EXERCISE REQUIREMENTS — Reproduce the entries shown below only from the line with "La aplicación tiene" down to the line with "1月10日,浙江省建德市航頭", keeping both end lines and copying each one exactly.

DATA FOR THE TASK —
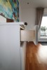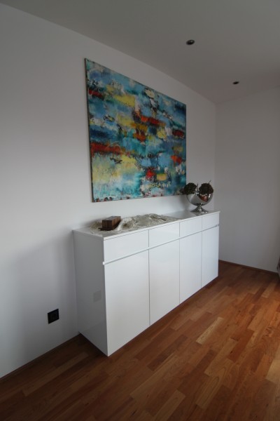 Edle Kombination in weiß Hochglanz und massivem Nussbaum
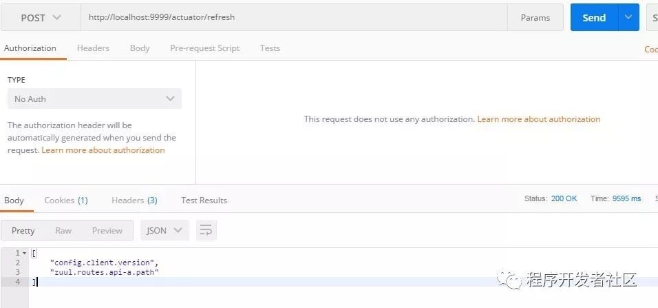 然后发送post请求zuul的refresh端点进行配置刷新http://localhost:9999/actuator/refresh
* * *
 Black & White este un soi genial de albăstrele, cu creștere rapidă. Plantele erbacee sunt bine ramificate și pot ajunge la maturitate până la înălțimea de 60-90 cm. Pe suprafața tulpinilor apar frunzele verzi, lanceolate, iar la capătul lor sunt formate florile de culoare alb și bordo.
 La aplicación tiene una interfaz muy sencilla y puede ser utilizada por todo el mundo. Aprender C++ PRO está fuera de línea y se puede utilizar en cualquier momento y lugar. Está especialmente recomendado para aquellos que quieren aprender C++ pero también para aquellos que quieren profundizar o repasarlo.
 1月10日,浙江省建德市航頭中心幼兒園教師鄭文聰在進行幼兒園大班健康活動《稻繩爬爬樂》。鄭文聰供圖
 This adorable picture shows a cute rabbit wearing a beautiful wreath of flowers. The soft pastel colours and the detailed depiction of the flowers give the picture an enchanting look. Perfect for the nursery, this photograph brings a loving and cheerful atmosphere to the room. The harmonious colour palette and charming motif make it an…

RESULT FOR THIS EXERCISE —
 La aplicación tiene una interfaz muy sencilla y puede ser utilizada por todo el mundo. Aprender C++ PRO está fuera de línea y se puede utilizar en cualquier momento y lugar. Está especialmente recomendado para aquellos que quieren aprender C++ pero también para aquellos que quieren profundizar o repasarlo.
 1月10日,浙江省建德市航頭中心幼兒園教師鄭文聰在進行幼兒園大班健康活動《稻繩爬爬樂》。鄭文聰供圖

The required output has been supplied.